WHAT YOU NEED TO DO: Print the records below exactly. Omit every picture.
------ INFORMATION PROVIDED
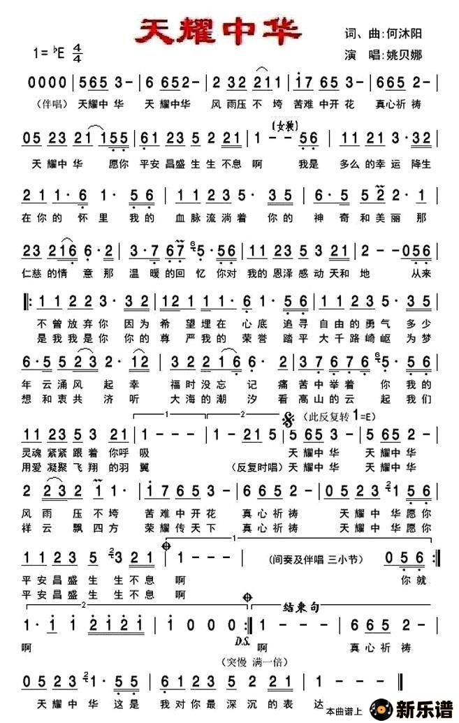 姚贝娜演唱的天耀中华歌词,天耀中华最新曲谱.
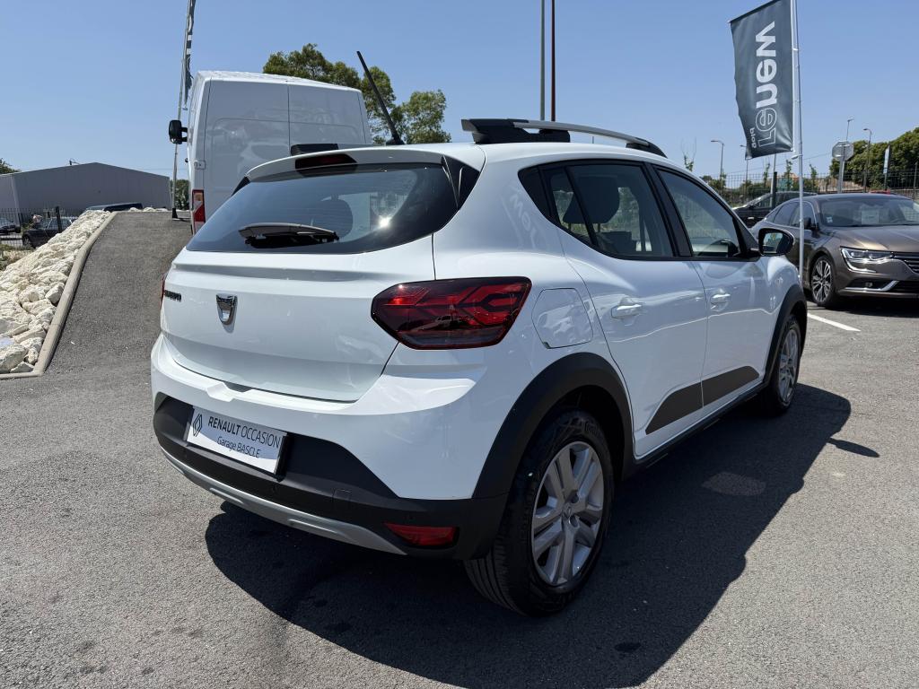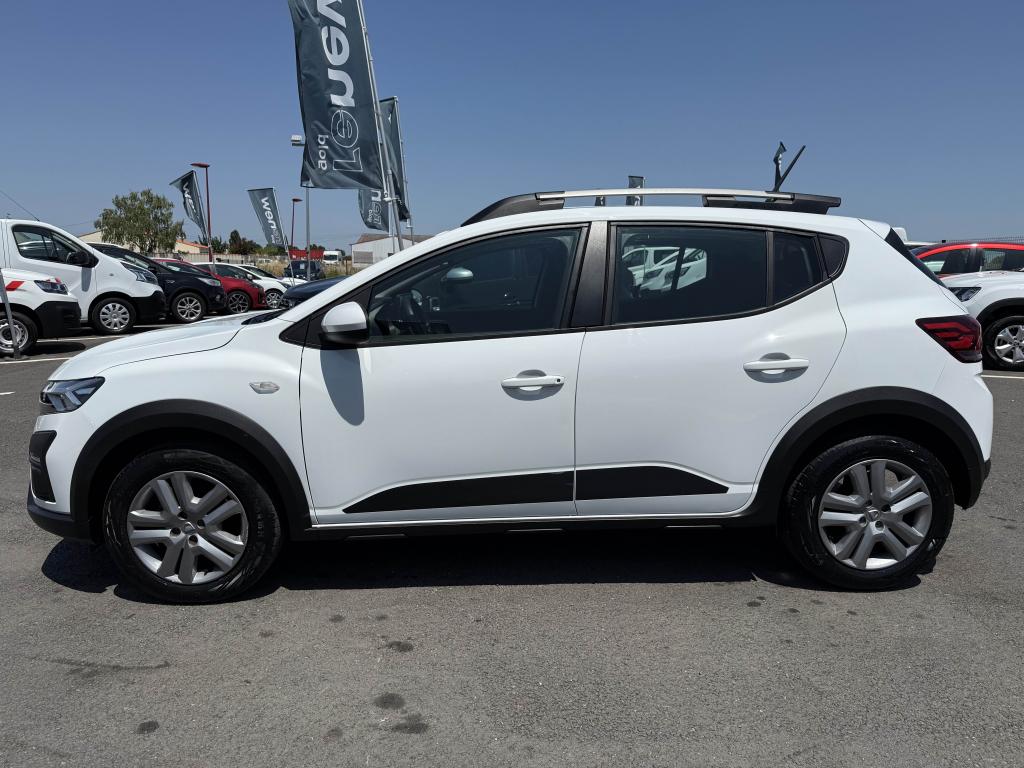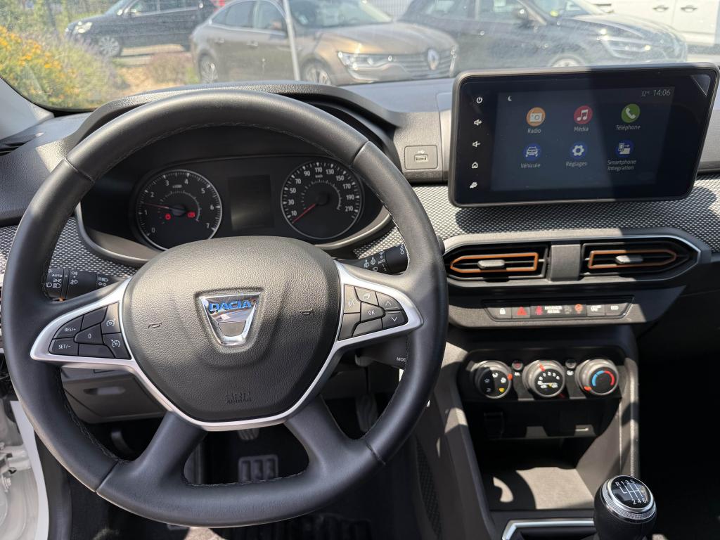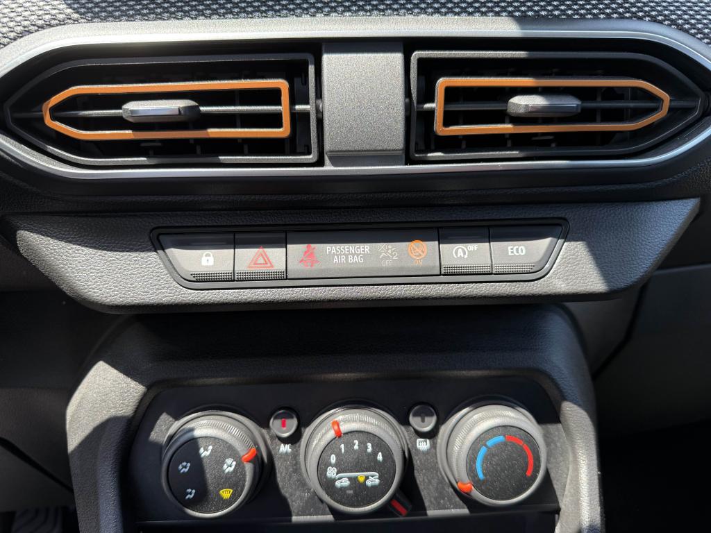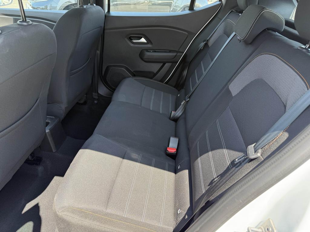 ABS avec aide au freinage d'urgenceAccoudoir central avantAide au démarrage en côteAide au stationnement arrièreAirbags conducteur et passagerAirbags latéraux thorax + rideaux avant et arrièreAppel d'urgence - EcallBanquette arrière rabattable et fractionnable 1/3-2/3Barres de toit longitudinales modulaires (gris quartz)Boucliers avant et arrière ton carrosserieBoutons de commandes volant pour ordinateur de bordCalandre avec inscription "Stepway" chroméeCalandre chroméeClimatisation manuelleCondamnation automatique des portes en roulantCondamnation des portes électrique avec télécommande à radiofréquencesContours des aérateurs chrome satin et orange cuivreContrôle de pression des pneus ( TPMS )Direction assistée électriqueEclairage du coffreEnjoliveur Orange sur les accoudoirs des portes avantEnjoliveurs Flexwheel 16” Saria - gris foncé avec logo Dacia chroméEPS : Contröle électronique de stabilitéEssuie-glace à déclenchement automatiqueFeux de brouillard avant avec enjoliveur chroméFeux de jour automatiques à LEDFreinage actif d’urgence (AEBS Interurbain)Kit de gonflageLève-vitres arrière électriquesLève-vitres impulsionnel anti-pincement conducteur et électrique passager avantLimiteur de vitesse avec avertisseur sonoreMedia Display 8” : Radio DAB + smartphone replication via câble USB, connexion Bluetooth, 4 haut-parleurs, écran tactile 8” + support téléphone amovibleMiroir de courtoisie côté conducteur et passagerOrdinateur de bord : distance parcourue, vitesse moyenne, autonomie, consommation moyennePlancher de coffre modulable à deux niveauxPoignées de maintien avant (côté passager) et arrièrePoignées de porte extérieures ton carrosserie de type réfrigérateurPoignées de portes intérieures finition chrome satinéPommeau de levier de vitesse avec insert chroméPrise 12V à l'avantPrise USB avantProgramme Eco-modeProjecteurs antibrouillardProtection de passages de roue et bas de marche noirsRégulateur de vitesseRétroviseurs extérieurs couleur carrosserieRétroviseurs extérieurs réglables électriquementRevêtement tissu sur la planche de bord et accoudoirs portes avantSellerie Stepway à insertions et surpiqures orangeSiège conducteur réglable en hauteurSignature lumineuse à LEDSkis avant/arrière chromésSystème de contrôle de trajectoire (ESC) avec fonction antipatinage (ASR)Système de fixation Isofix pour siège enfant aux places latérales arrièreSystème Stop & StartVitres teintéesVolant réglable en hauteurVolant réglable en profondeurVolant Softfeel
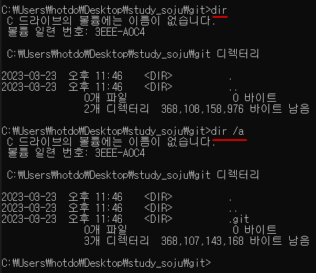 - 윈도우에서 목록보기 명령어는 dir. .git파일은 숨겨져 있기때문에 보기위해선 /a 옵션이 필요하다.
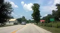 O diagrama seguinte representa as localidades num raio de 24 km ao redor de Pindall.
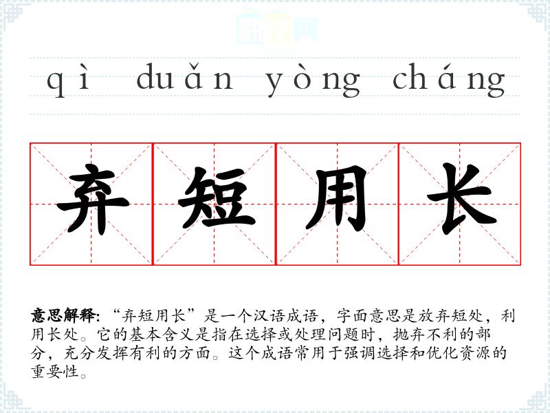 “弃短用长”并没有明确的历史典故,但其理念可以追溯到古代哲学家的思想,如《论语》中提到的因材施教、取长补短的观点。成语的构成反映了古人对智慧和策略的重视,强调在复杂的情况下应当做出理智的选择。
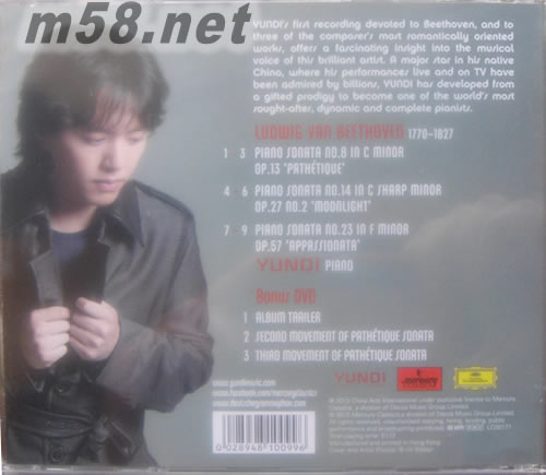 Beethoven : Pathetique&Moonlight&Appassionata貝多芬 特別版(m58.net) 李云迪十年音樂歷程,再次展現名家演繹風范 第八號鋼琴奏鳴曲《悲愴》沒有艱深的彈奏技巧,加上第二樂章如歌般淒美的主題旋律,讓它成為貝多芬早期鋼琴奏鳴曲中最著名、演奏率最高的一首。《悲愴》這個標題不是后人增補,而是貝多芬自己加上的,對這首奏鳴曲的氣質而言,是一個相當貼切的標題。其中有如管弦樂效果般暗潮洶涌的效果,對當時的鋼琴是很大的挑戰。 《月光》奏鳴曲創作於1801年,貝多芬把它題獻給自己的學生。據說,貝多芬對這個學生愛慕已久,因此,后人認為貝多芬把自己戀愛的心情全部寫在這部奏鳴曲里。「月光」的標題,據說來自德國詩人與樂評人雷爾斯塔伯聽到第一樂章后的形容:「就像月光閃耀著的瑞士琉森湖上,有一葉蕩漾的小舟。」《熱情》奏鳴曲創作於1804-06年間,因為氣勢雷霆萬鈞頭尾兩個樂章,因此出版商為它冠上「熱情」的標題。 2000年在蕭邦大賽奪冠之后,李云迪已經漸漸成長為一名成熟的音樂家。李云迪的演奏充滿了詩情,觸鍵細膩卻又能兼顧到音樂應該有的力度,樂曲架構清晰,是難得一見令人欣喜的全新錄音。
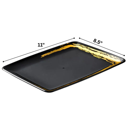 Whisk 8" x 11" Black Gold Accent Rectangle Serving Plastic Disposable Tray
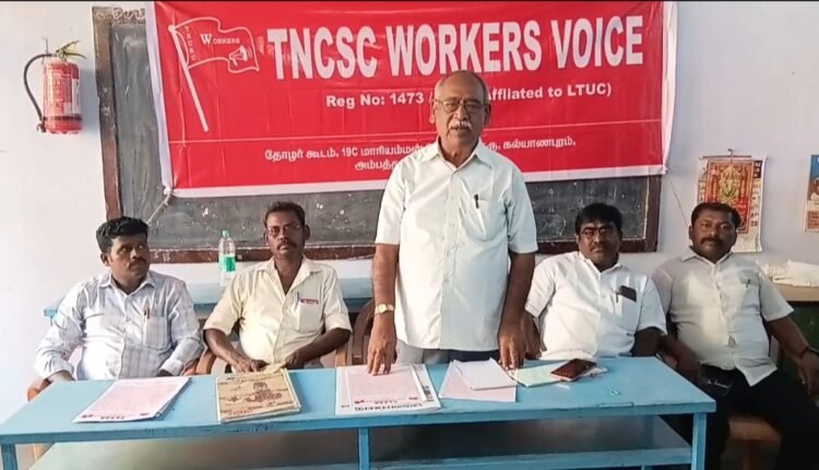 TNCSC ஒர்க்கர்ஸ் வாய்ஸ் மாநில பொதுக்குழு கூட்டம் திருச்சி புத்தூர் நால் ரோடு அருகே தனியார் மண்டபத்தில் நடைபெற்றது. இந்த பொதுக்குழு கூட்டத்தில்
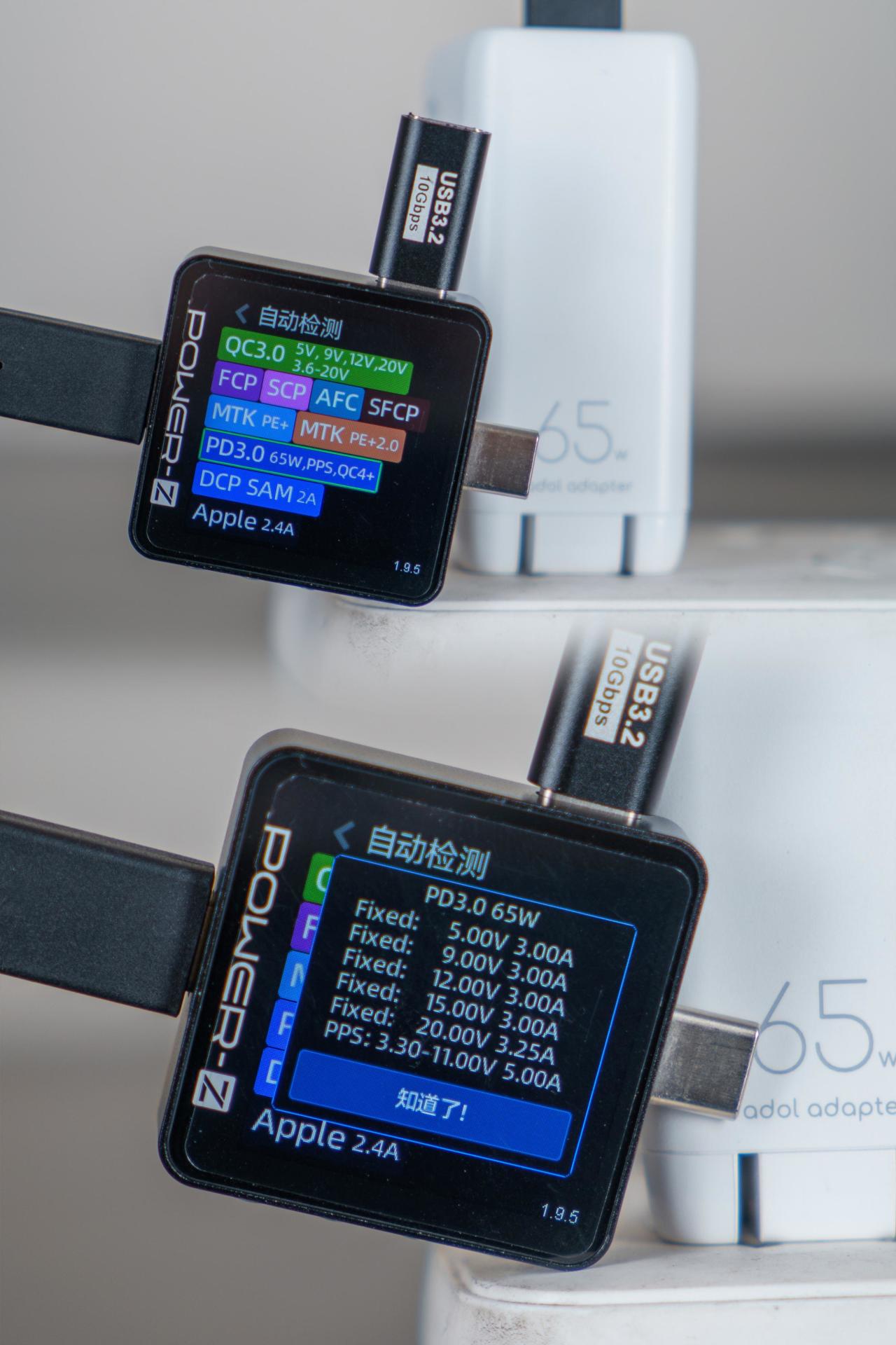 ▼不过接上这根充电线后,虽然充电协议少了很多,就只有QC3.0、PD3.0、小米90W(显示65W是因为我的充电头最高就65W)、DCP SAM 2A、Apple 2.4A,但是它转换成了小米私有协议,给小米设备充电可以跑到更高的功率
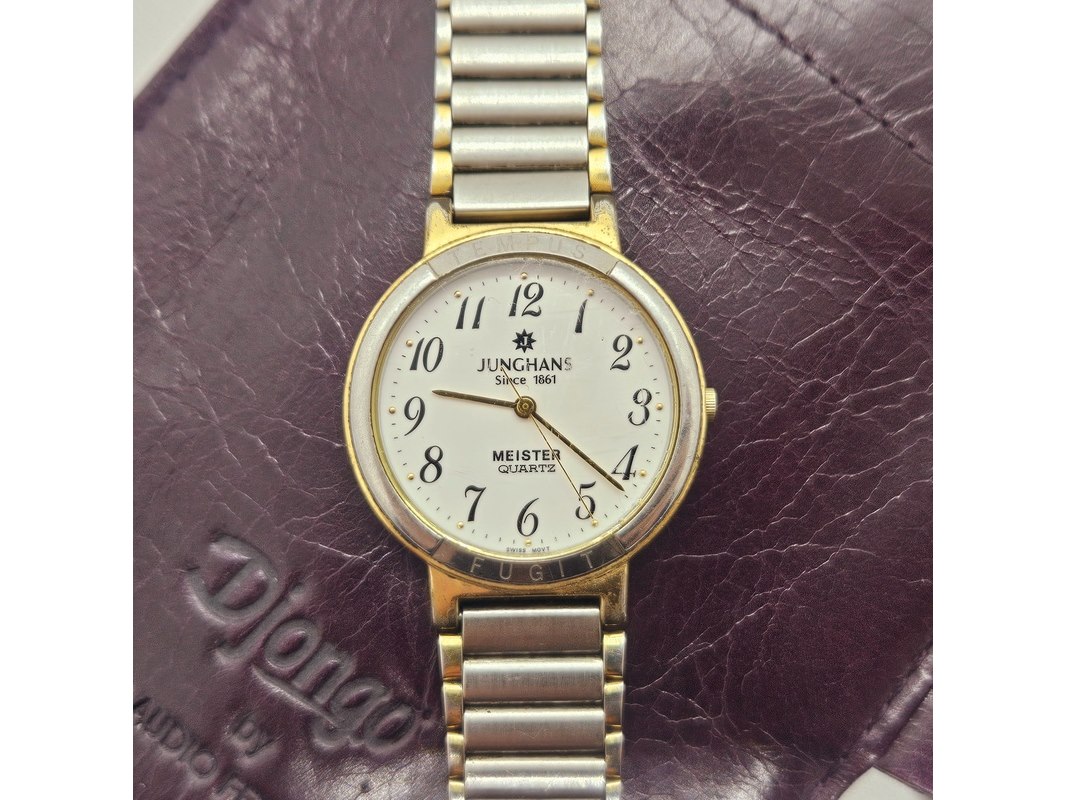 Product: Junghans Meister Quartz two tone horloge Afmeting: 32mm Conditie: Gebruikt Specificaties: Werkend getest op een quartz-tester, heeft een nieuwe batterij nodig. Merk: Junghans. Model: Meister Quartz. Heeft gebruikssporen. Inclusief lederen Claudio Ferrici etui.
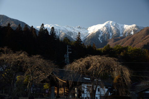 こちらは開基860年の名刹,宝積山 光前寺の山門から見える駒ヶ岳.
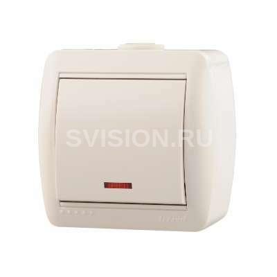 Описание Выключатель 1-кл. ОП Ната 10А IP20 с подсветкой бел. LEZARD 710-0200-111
------------
EXPECTED ANSWER:
 姚贝娜演唱的天耀中华歌词,天耀中华最新曲谱.
 ABS avec aide au freinage d'urgenceAccoudoir central avantAide au démarrage en côteAide au stationnement arrièreAirbags conducteur et passagerAirbags latéraux thorax + rideaux avant et arrièreAppel d'urgence - EcallBanquette arrière rabattable et fractionnable 1/3-2/3Barres de toit longitudinales modulaires (gris quartz)Boucliers avant et arrière ton carrosserieBoutons de commandes volant pour ordinateur de bordCalandre avec inscription "Stepway" chroméeCalandre chroméeClimatisation manuelleCondamnation automatique des portes en roulantCondamnation des portes électrique avec télécommande à radiofréquencesContours des aérateurs chrome satin et orange cuivreContrôle de pression des pneus ( TPMS )Direction assistée électriqueEclairage du coffreEnjoliveur Orange sur les accoudoirs des portes avantEnjoliveurs Flexwheel 16” Saria - gris foncé avec logo Dacia chroméEPS : Contröle électronique de stabilitéEssuie-glace à déclenchement automatiqueFeux de brouillard avant avec enjoliveur chroméFeux de jour automatiques à LEDFreinage actif d’urgence (AEBS Interurbain)Kit de gonflageLève-vitres arrière électriquesLève-vitres impulsionnel anti-pincement conducteur et électrique passager avantLimiteur de vitesse avec avertisseur sonoreMedia Display 8” : Radio DAB + smartphone replication via câble USB, connexion Bluetooth, 4 haut-parleurs, écran tactile 8” + support téléphone amovibleMiroir de courtoisie côté conducteur et passagerOrdinateur de bord : distance parcourue, vitesse moyenne, autonomie, consommation moyennePlancher de coffre modulable à deux niveauxPoignées de maintien avant (côté passager) et arrièrePoignées de porte extérieures ton carrosserie de type réfrigérateurPoignées de portes intérieures finition chrome satinéPommeau de levier de vitesse avec insert chroméPrise 12V à l'avantPrise USB avantProgramme Eco-modeProjecteurs antibrouillardProtection de passages de roue et bas de marche noirsRégulateur de vitesseRétroviseurs extérieurs couleur carrosserieRétroviseurs extérieurs réglables électriquementRevêtement tissu sur la planche de bord et accoudoirs portes avantSellerie Stepway à insertions et surpiqures orangeSiège conducteur réglable en hauteurSignature lumineuse à LEDSkis avant/arrière chromésSystème de contrôle de trajectoire (ESC) avec fonction antipatinage (ASR)Système de fixation Isofix pour siège enfant aux places latérales arrièreSystème Stop & StartVitres teintéesVolant réglable en hauteurVolant réglable en profondeurVolant Softfeel
 - 윈도우에서 목록보기 명령어는 dir. .git파일은 숨겨져 있기때문에 보기위해선 /a 옵션이 필요하다.
 O diagrama seguinte representa as localidades num raio de 24 km ao redor de Pindall.
 “弃短用长”并没有明确的历史典故,但其理念可以追溯到古代哲学家的思想,如《论语》中提到的因材施教、取长补短的观点。成语的构成反映了古人对智慧和策略的重视,强调在复杂的情况下应当做出理智的选择。
 Beethoven : Pathetique&Moonlight&Appassionata貝多芬 特別版(m58.net) 李云迪十年音樂歷程,再次展現名家演繹風范 第八號鋼琴奏鳴曲《悲愴》沒有艱深的彈奏技巧,加上第二樂章如歌般淒美的主題旋律,讓它成為貝多芬早期鋼琴奏鳴曲中最著名、演奏率最高的一首。《悲愴》這個標題不是后人增補,而是貝多芬自己加上的,對這首奏鳴曲的氣質而言,是一個相當貼切的標題。其中有如管弦樂效果般暗潮洶涌的效果,對當時的鋼琴是很大的挑戰。 《月光》奏鳴曲創作於1801年,貝多芬把它題獻給自己的學生。據說,貝多芬對這個學生愛慕已久,因此,后人認為貝多芬把自己戀愛的心情全部寫在這部奏鳴曲里。「月光」的標題,據說來自德國詩人與樂評人雷爾斯塔伯聽到第一樂章后的形容:「就像月光閃耀著的瑞士琉森湖上,有一葉蕩漾的小舟。」《熱情》奏鳴曲創作於1804-06年間,因為氣勢雷霆萬鈞頭尾兩個樂章,因此出版商為它冠上「熱情」的標題。 2000年在蕭邦大賽奪冠之后,李云迪已經漸漸成長為一名成熟的音樂家。李云迪的演奏充滿了詩情,觸鍵細膩卻又能兼顧到音樂應該有的力度,樂曲架構清晰,是難得一見令人欣喜的全新錄音。
 Whisk 8" x 11" Black Gold Accent Rectangle Serving Plastic Disposable Tray
 TNCSC ஒர்க்கர்ஸ் வாய்ஸ் மாநில பொதுக்குழு கூட்டம் திருச்சி புத்தூர் நால் ரோடு அருகே தனியார் மண்டபத்தில் நடைபெற்றது. இந்த பொதுக்குழு கூட்டத்தில்
 ▼不过接上这根充电线后,虽然充电协议少了很多,就只有QC3.0、PD3.0、小米90W(显示65W是因为我的充电头最高就65W)、DCP SAM 2A、Apple 2.4A,但是它转换成了小米私有协议,给小米设备充电可以跑到更高的功率
 Product: Junghans Meister Quartz two tone horloge Afmeting: 32mm Conditie: Gebruikt Specificaties: Werkend getest op een quartz-tester, heeft een nieuwe batterij nodig. Merk: Junghans. Model: Meister Quartz. Heeft gebruikssporen. Inclusief lederen Claudio Ferrici etui.
 こちらは開基860年の名刹,宝積山 光前寺の山門から見える駒ヶ岳.
 Описание Выключатель 1-кл. ОП Ната 10А IP20 с подсветкой бел. LEZARD 710-0200-111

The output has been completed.